In particular the relationship of the CSIS and echocardiographic measures of systolic and diastolic cardiac function should be explored given that neurologic and cardiac toxicity is noted together in many case reports of arthroprosthetic cobaltism and given the ready availability of echocardiography which does not expose the patient to radiation [2,13,14,39,41,52,53].
Treatment of orthopedic-implant cobaltism is presently empiric and source control is most commonly employed (revision of corroding or worn cobalt-chromium components with ceramic, plastic, or stainless steel or titanium alloy alternatives) for patients with severe toxicity and those with periprosthetic metallosis complications (ARMD) [2,3]. Dietary supplements such as N-acetyl-cysteine, glutathione, and alpha-lipoic-acid that chelate cobalt or ameliorate its metabolic toxicity might be effective for patients with well-functioning arthroplasties (no evidence of periprosthetic complications), mild systemic symptomatology, and minor elevations in blood or urine cobalt-levels [44–47,54]. Determination of optimal treatment strategies will require large prospective studies with quantitation of cobalt levels, cobaltism symptomatology, and end-organ damage before and after treatment.
Conclusion
The Cobaltism-Symptom-Inventory takes five minutes to administer and score and a spot urine-cobalt level is easily obtained at relatively low cost at commercial laboratories (Quest 68 USD). The large at-risk population with cobalt-chromium orthopedic-implants, the treatability of early cobaltism [4,29,30,44,45,54], and the severity and irreversibly of the severe cobaltism [2,3,27], position orthopedic-implant cobaltism as an ideal malady for screening. Over-the-counter N-acetylcysteine appears to be of benefit to cobalturic patients with mild cobaltism [4,29,30,44,45,54]. Patients with severe cobaltism and metallosis mediated periprosthetic tissue damage benefit from revision surgery and delay in diagnosis and remediative surgery may result in irreversible periprosthetic, neurologic and cardiac pathology [2,3]. Clinician awareness that cognitive decline, constitutional deterioration, neurologic or psychiatric disorders, or cardiomyopathy are associated with cobalturia (urine-cobalt ≥ 1 ppb) is important because orthopedic-implant cobaltism is likely common and easily treated if diagnosed in its early stages [2–4,15,29–31,38,40,44,45]. Further implantations of cobalt-chromium orthopedic-implants should be carefully considered given safer and equally efficacious alternative materials including cobalt-free alloys, polyethylenes, and ceramics.
Orthopedic-implant cobaltism appears to be a under recognized toxic progeria.

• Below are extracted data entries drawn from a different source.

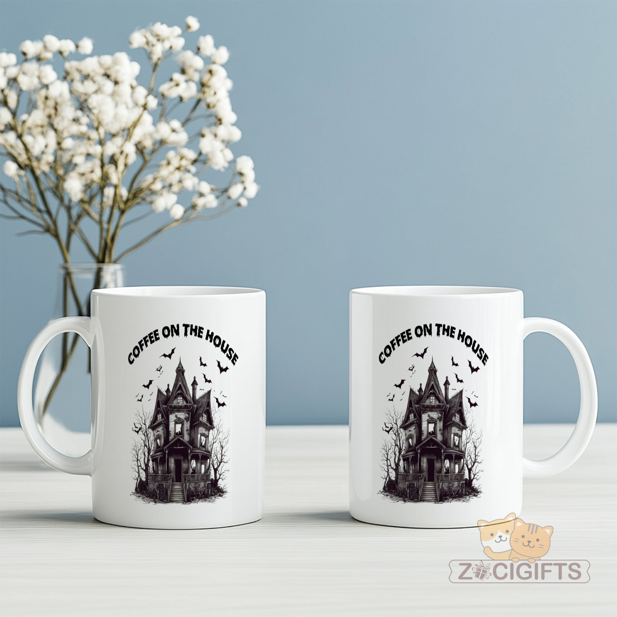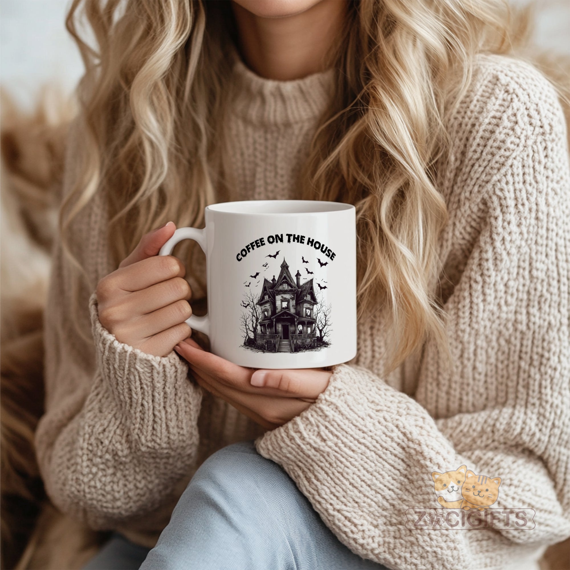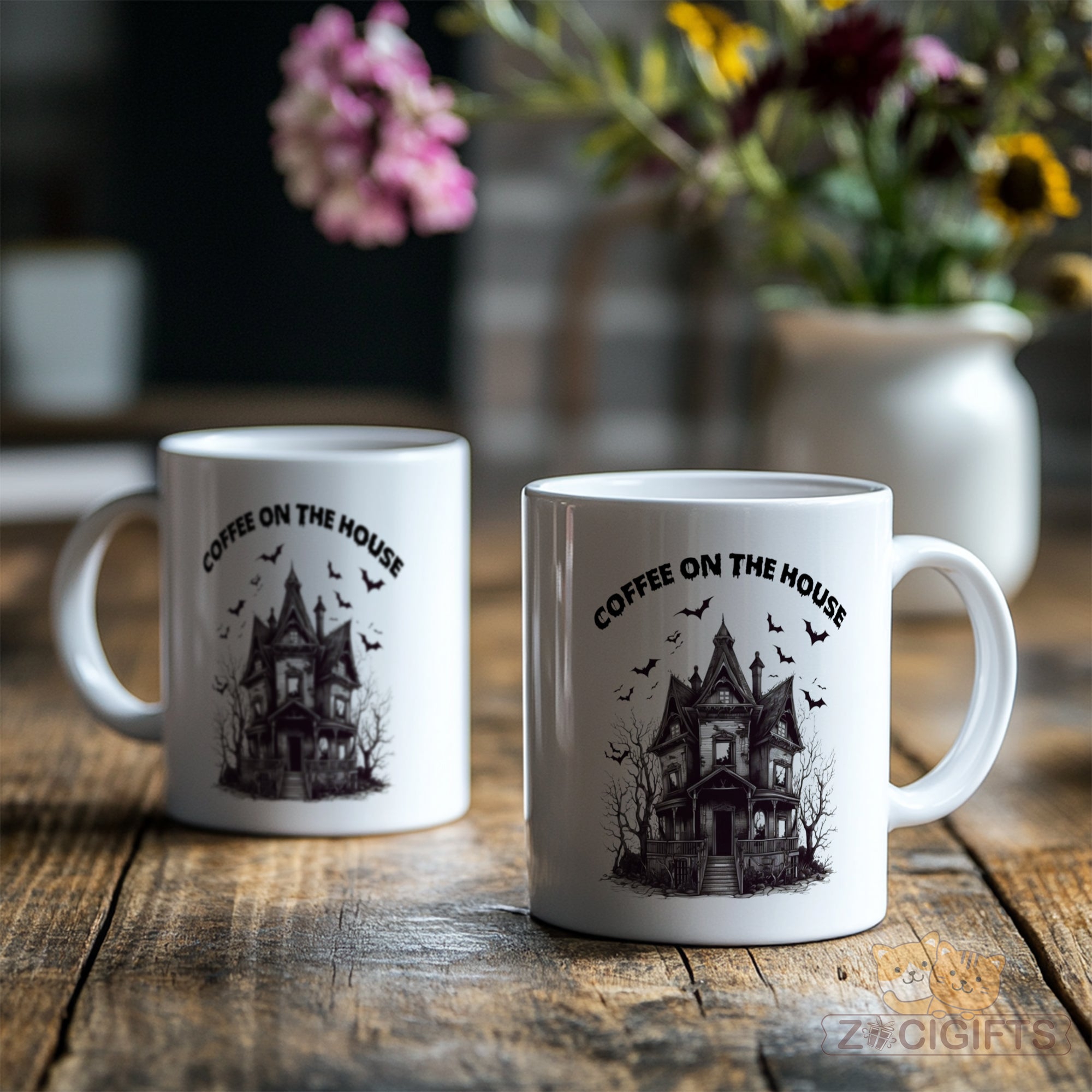 Introducing our one - of - a - kind "Coffee on the House" mug, featuring a spooky haunted house design that's sure to add a touch of eerie charm to your daily routine!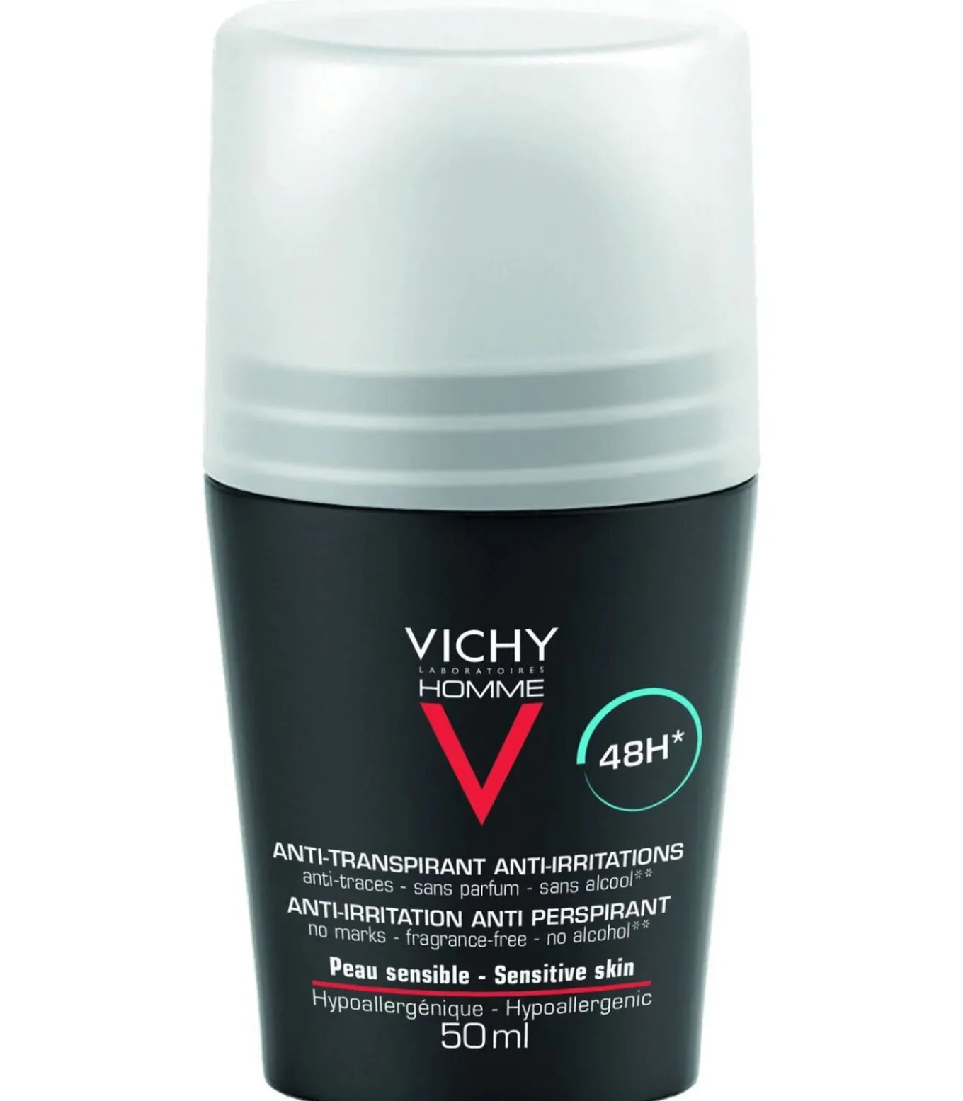 Vichy Homme Anti–Zweet Deodorant Anti–Irritatie 48H Roll–On 50 ml is de ideale oplossing voor mannen die op zoek zijn naar effectieve, langdurige deodorantbescherming. De innovatieve formule, verrijkt met anti–zweet werkstoffen en kalmerend oligo–zink, reguleert de transpiratie en biedt een gevoel van frisheid en comfort. Speciaal ontwikkeld voor gevoelige huid, biedt deze Vichy deodorant 48 uur lang continue bescherming en kalmeert de huid. Deze Vichy roll–on deodorant wordt bijzonder aanbevolen voor huid die gevoelig is voor irritaties. Dankzij de zachte, frisse textuur laat hij zich gemakkelijk aanbrengen zonder witte vlekken of residu op de huid achter te laten. Hypoallergeen, bevat het geen alcohol of geur, waardoor het ideaal is voor de meest delicate huid. Het is ontworpen om maximale effectiviteit te bieden, terwijl het de specifieke behoeften van gevoelige huid respecteert. Gemaakt in Frankrijk, garandeert Vichy Homme Anti–Zweet Deodorant Anti–Irritatie 48H Roll–On 50 ml hoge kwaliteit en langdurige prestaties. De anti–transpirerende en kalmerende werking houdt de huid de hele dag droog en beschermd, en biedt je een gevoel van welzijn en frisheid zonder concessies te doen aan de effectiviteit. Vertrouw op Vichy om je huid te verzorgen en tegelijkertijd te beschermen tegen zweet en irritaties.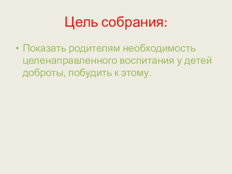 Цель собрания:Показать родителям необходимость целенаправленного воспитания у детей доброты, побудить к этому.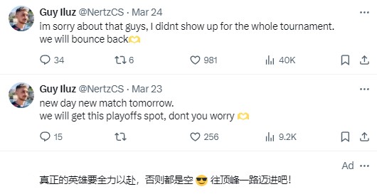 有趣的是,在Nertz的社交动态下,刚好有一句游戏广告这么写着——真正的英雄要全力以赴,否则都是空。希望X队能够在接下来继续磨合,为下一场战斗做好准备。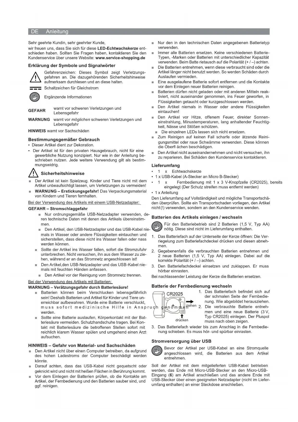 Article number: 04817 Z 04817 M DS V1 0518FR Mode d'emploi Chère cliente, cher client, Nous vous félicitons d'avoir fait l'acquisition de cette bougie en cire à DEL. Pour toute question, veuillez contacter le service après- vente depuis notre site Internet : www.service-shopping.de Explication des symboles / mentions d'avertissement Mention de danger : ce symbole indique les risques de blessures. Lisez et observez attentivement les consignes de sécurité correspondantes. Symbole du courant continu Informations complémentaires DANGER Vous alerte devant le risque de blessures graves et mortelles AVERTISSEMENT Vous alerte devant le risque potentiel de blessures graves ou mortelles AVIS Vous alerte devant le risque de dégâts matériels Utilisation conforme
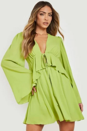 BOOHOO Tie Front Ruffle Blouse & Mini Skirt
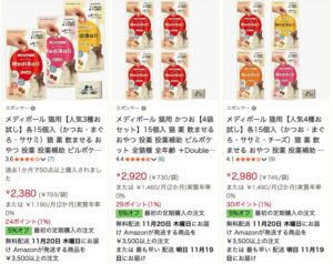 例えば、MediBall 猫用 かつお・まぐろ・ササミ セット はAmazonで取り扱われており、送料無料やプライム対象の出品もあります。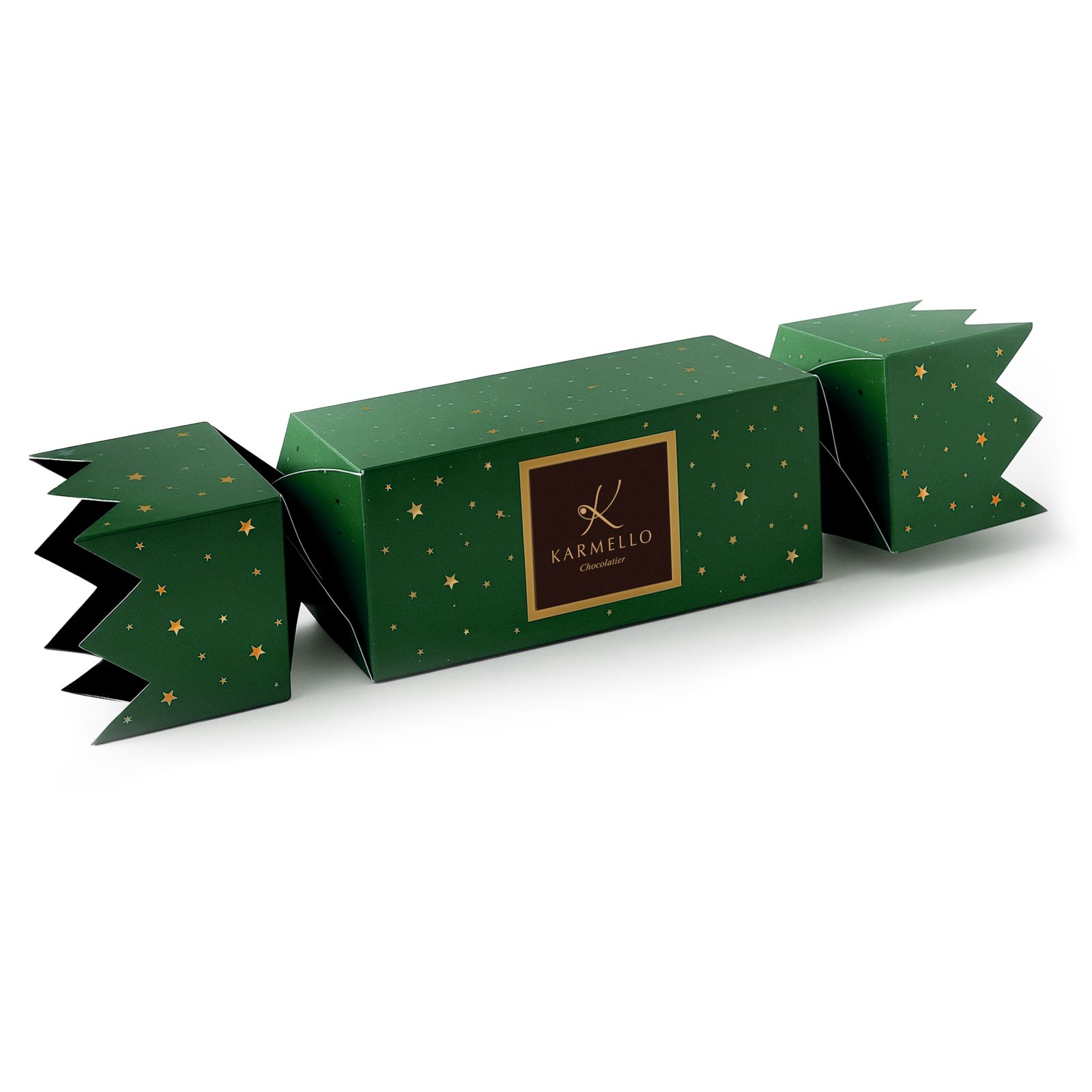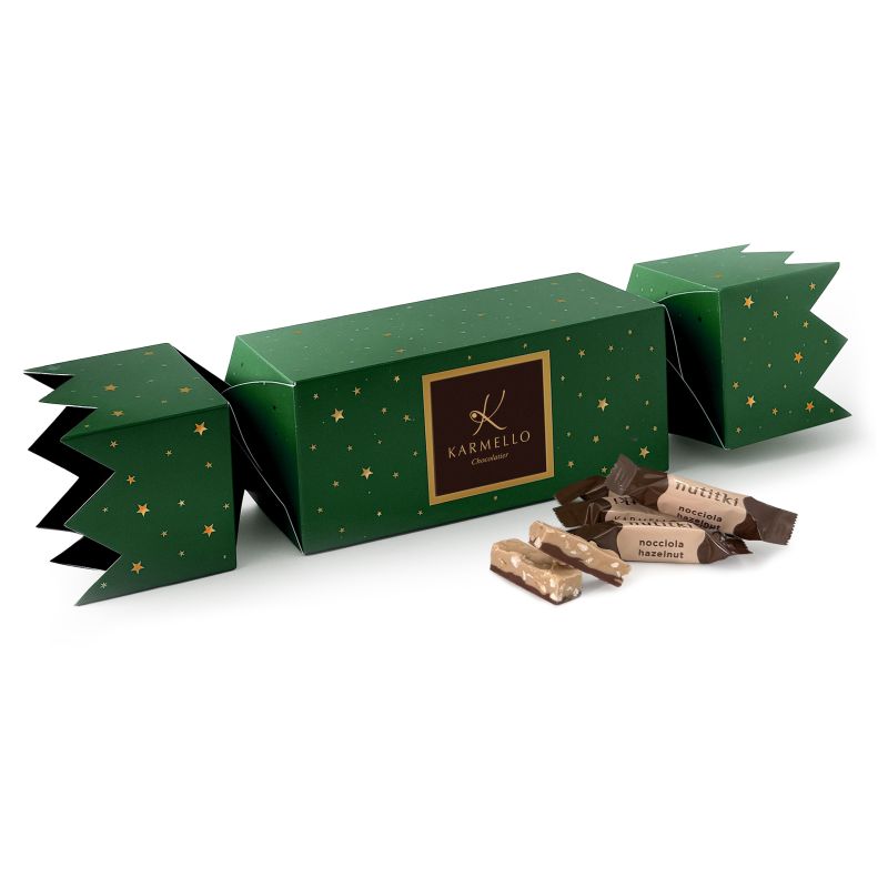 Orzechowy Cracker skrywa w sobie 20 delikatnych pralin z białej czekolady, w których kremowa słodycz splata się z prażonymi orzechami laskowymi i aksamitną czekoladą Gianduja.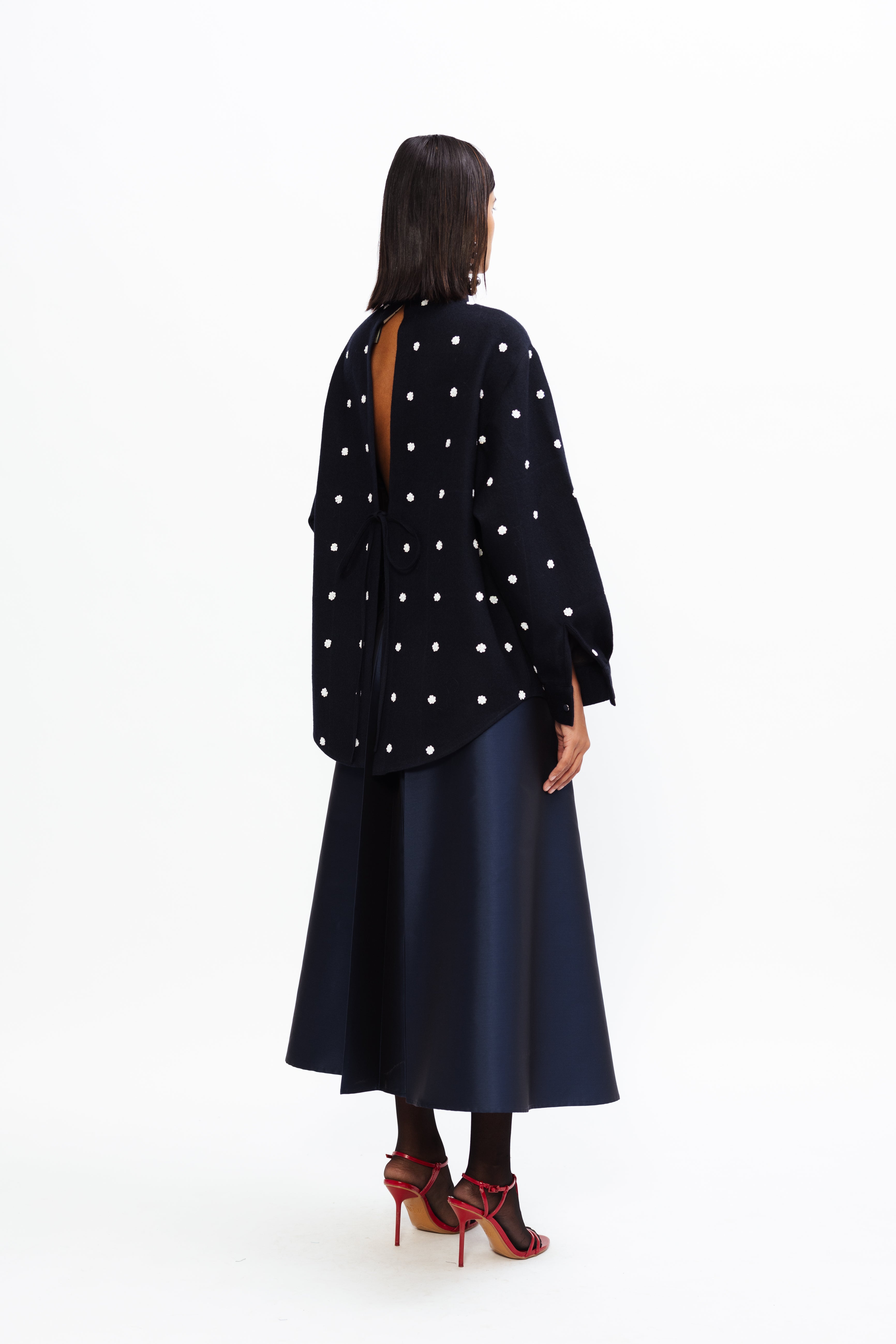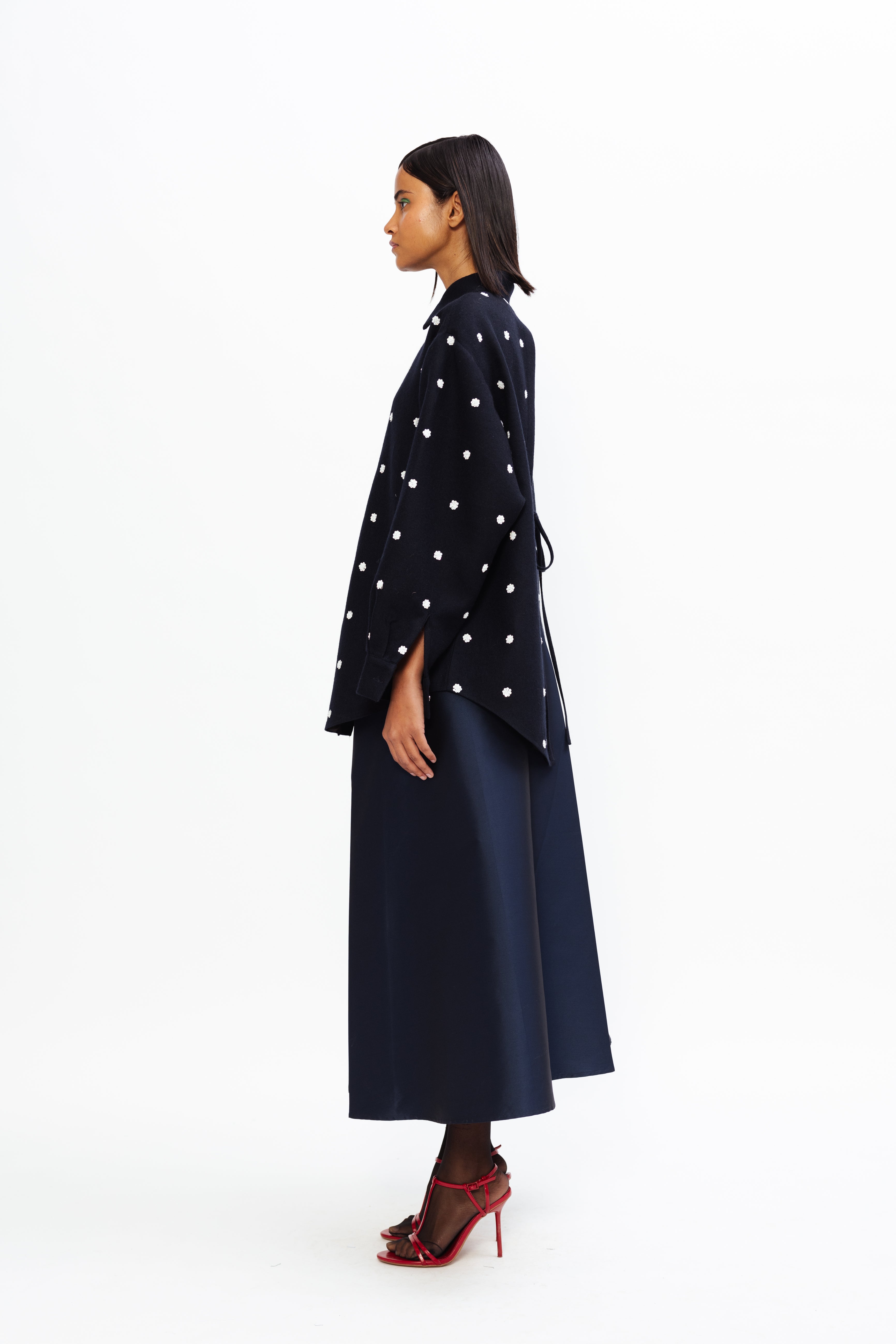 This full-length skirt flows gracefully to the ankles, exuding timeless elegance. Designed with gathered box pleats, it creates beautiful volume and movement, making it a refined choice for both formal and elevated everyday occasions.

Clinician and public awareness of this entity is important to limit associated morbidity given the benefits of prevention (use of cobalt-free orthopedic-implants), screening (spot urine-cobalt), at-risk population recognition (millions of patients implanted with a cobalt-chromium orthopedic-implants), syndrome recognition (use of the Cobaltism-Symptom-Inventory), and a benign treatment option (OTC N-acetyl-cysteine) for patients with nominal cobalt exposure and symptomatology [44–47]. For patients with severe orthopedic-implant cobaltism source control is required to limit neurologic and cardiovascular morbidity and mortality [2,3].